Bug #49238 Creating/Dropping a temporary table while at 1023 transactions will cause assert
Submitted: 30 Nov 2009 22:02 Modified: 14 Oct 2010 13:54
Reporter: Harrison Fisk Email Updates:
Status: Closed Impact on me:
None 
Category:MySQL Server: InnoDB storage engine Severity:S2 (Serious)
Version:5.0,5.1.41 OS:Any
Assigned to: Jimmy Yang
Tags: 1023 transactions, temporary table
Triage: Triaged: D1 (Critical)

[30 Nov 2009 22:02] Harrison Fisk
Description:
When the 1023 transaction limit is reached (BUG #26590) internally it is handled as an out of disk space condition.  Due to BUG #43665 with running out of table space, if InnoDB believes it is out of disk space, it will assert, even though, in this case, it isn't out of disk space.

This is directly related to BUG #43665, but could have a different fix by changing the handling of the 1023 transaction limit.

Here is a resolved backtrace of the problem:

0x579865 handle_segfault + 725
0x6f30d2 row_drop_table_for_mysql + 3986
0x65354c ha_innobase::delete_table(char const*) + 252
0x5c6956 rm_temporary_table(db_type, char*) + 134
0x5c6a28 close_temporary(st_table*, bool) + 120
0x5c781e close_temporary_tables(THD*) + 1006
0x568c7e THD::cleanup() + 142
0x579d26 end_thread(THD*, bool) + 22
0x59c099 handle_one_connection + 1065
0x30bcc062f7 _end + -1183202073

There is also another mention in the comment [30 Nov 18:48] Shane Bester in Bug #43665.

How to repeat:
Open 1025 transactions and create/drop temporary InnoDB tables.

Suggested fix:
Don't treat the 1023 limit internally as out of disk space.

Or fix Bug #26590 or Bug #43665.
[8 Dec 2009 13:44] Harrison Fisk
Full error log from the crash in original bug submission:

091130 6:14:40InnoDB: Warning: cannot find a free slot for an undo log.
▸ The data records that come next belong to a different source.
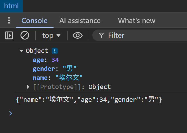 let personJSON = '{"name":"埃尔文","age":34,"gender":"男"}';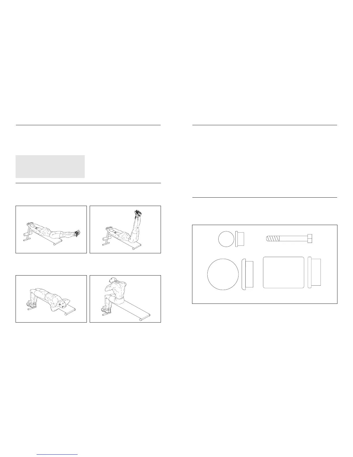 Lie on the bench and tuck your feet under the pads as shown. Bend forward at the waist, keeping your back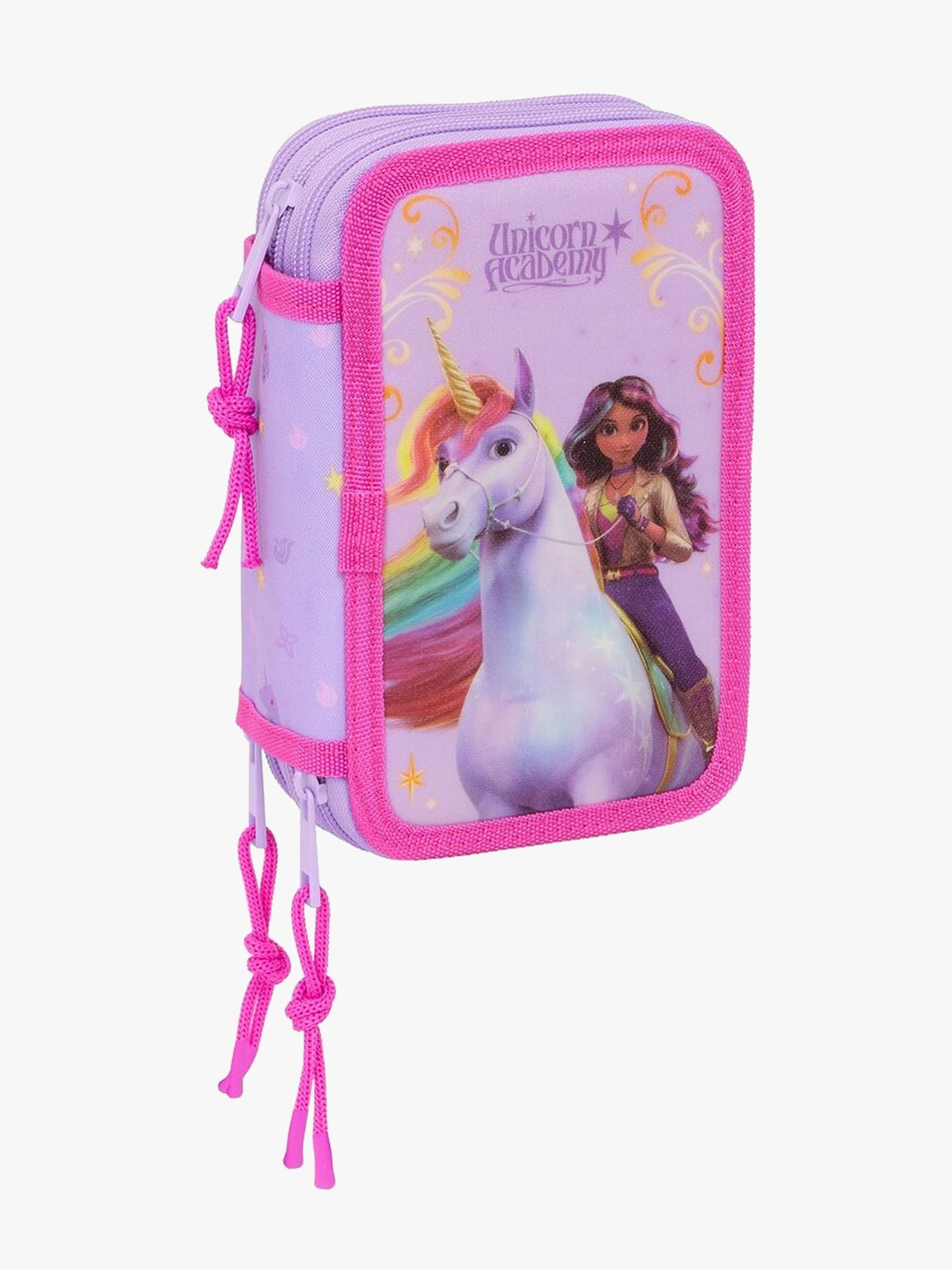 Penalhus med 3 rum fra Unicorn Academy med et komplet skrivesæt. Perfekt til kreative aktiviteter. - Indeholder: 1 penalhus, 1 viskelæder, 1 blyant, 2 kuglepenne, 1 blyantspidser, 2 linealer, 16 farveblyanter, 14 tusser. - Tre rum. - Enhjørningemotiver. - 300D polyester.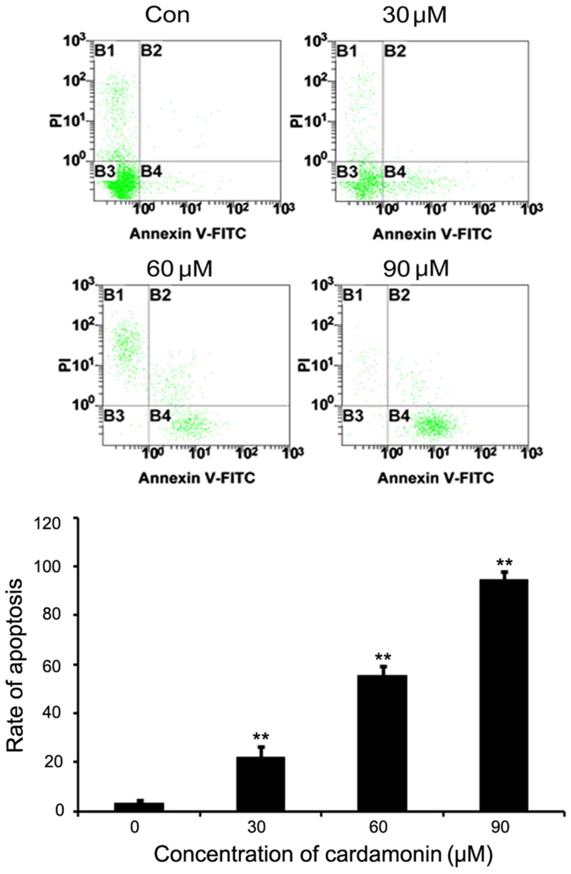 M14 cells were cultured in varying cardamonin concentrations (0, 30, 60 and 90 µM, n=3) for 24 h and then stained with Annexin V-FITC and PI for flow cytometry analysis. Results indicated that the untreated M14 cells were not stained by Annexin V and PI, whereas a significant dose-dependent increase was noted in the Annexin V and PI positive cells following cardamonin treatment (P<0.01; Fig. 3).
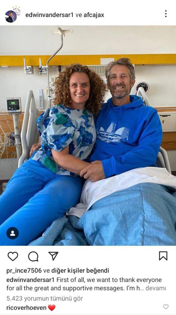 Eşiyle beraber hastane odasında çektirdikleri fotoğrafı Instagram hesabından paylaşan Van der Sar, "Öncelikle destek mesajı gönderen herkese teşekkür etmek istiyoruz. Hala hastanede olsam da yoğun bakım ünitesinden çıktığımı paylaşmaktan dolayı mutluyum. Gelecek hafta eve dönmeyi ve tedavimin sonraki aşamasına geçmeyi umuyorum" ifadelerini kullandı.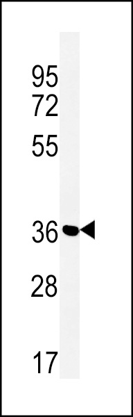 Western blot analysis of MFRN2 Antibody (N-term) (Cat. APR17361G) in Jurkat cell line lysates (35ug/lane).MFRN2 (arrow) was detected using the purified Pab.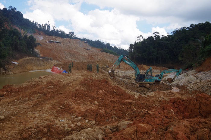 Các lực lượng đã đào nắn dòng chảy mới sâu hơn 3m, rộng 5m và dài hơn 150m. Với quyết tâm cao của các lực lượng, công tác khơi thông dòng chảy, ngăn đập nắn dòng đã hoàn thành. Các lực lượng chuyển qua giai đoạn tìm kiếm các nạn nhân dưới lòng sông. Lực lượng chó nghiệp vụ cũng đã sẵn sàng có mặt tại hiện trường để thực hiện tìm kiếm.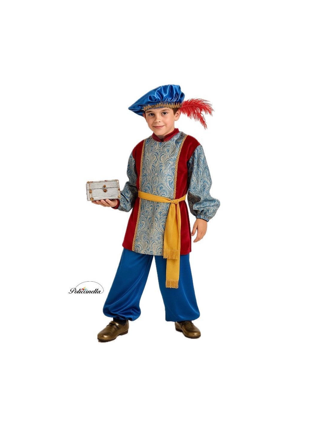 Dieses exklusive Kinderkostüm eines Pagen besticht durch die Eleganz seines Leibchens, das aus leichtem Samt mit kurzen Haaren gefertigt ist und hinten am Hals mit einem Klettverschluss versehen ist. Die Ärmel haben einen elastischen Bund an den Handgelenken. Die Vorderseite und die Ärmel sind mit feinen Verzierungen aus Brokatstoff mit ornamentalen Mustern verziert, die mit goldener Borte verziert sind und einen herrschaftlichen Hauch verleihen. Die Hose, aus elektrisch blauem Satin gefertigt, ist mit Gummibändern an Taille und Knöcheln versehen, was Bewegungsfreiheit und Leichtigkeit bietet. Das Ensemble wird mit einem Satinflicken mit weichen Fransen und einem passenden Turban oder Mütze vervollständigt, die mit Borten gerafft und mit einer seitlichen Feder verziert sind. Eine sorgfältige und majestätische Nachbildung, ideal für Umzüge, Aufführungen und Weihnachtsfeiern.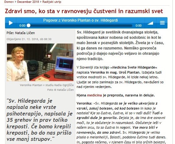 Radio Ognjišče: Veronika Plantan, soavtorica knjige medicina svete Hildegarde, ki je pravkar izšla. Oddajo lahko poslušate tu. Vsebina knjige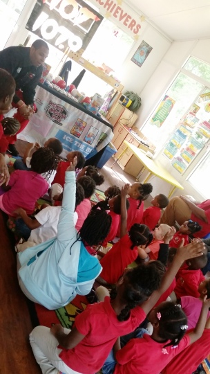 Each visit consist of Reec reading one of his self authored books from the Ice The Bully Book Series (www.IceTheBully.com), giving away free copies of the book, distributing free toys that promote fitness (i.e. jump ropes, balls, frisbees, etc), learning games, shirts, book bags, coloring books and more. Audiences range from 70 to 200 kids and everyone leaves with a gift! The best part for the schools is the program is FREE.

Do you have too
InnoDB: many active transactions running concurrently?
091130 6:14:40InnoDB: Warning: cannot find a free slot for an undo log. Do you have too
InnoDB: many active transactions running concurrently?
091130 6:14:40InnoDB: Assertion failure in thread 1454528832 in file row0mysql.c line 3339
InnoDB: Failing assertion: err == DB_OUT_OF_FILE_SPACE
InnoDB: We intentionally generate a memory trap.
InnoDB: Submit a detailed bug report to http://bugs.mysql.com.
InnoDB: If you get repeated assertion failures or crashes, even
InnoDB: immediately after the mysqld startup, there may be
InnoDB: corruption in the InnoDB tablespace. Please refer to
InnoDB: http://dev.mysql.com/doc/refman/5.0/en/forcing-recovery.html
InnoDB: about forcing recovery.
InnoDB: Thread 1344141632 stopped in file os0sync.c line 586
InnoDB: Thread 1533806912 stopped in file ./../include/sync0sync.ic line 111
InnoDB: Thread 1325476160 stopped in file ./../include/sync0sync.ic line 111
091130 6:14:40 - mysqld got signal 11 ;
This could be because you hit a bug. It is also possible that this binary
or one of the libraries it was linked against is corrupt, improperly built,
or misconfigured. This error can also be caused by malfunctioning hardware.
We will try our best to scrape up some info that will hopefully help diagnose
the problem, but since we have already crashed, something is definitely wrong
and this may fail.

key_buffer_size=16777216
read_buffer_size=1048576
max_used_connections=2101
max_connections=2100
threads_connected=2006
It is possible that mysqld could use up to
key_buffer_size + (read_buffer_size + sort_buffer_size)*max_connections = 6467584 K
bytes of memory
Hope that's ok; if not, decrease some variables in the equation.

thd=0x2ab82a4af6c0
Attempting backtrace. You can use the following information to find out
where mysqld died. If you see no messages after this, something went
terribly wrong...
Cannot determine thread, fp=0x56b23fd0, backtrace may not be correct.
Stack range sanity check OK, backtrace follows:
0x579865
0x6f30d2
0x65354c
0x5c6956
0x5c6a28
0x5c781e
0x568c7e
0x579d26
0x59c099
0x30bcc062f7
[8 Dec 2009 16:39] Heikki Tuuri
Harrison, thank you for noticing this crashing bug. In CREATE TABLE, InnoDB creates a second background transaction to do the actual work. Apparently, I have forgotten to check that there is room for this additional transaction in the 1024 undo log slots!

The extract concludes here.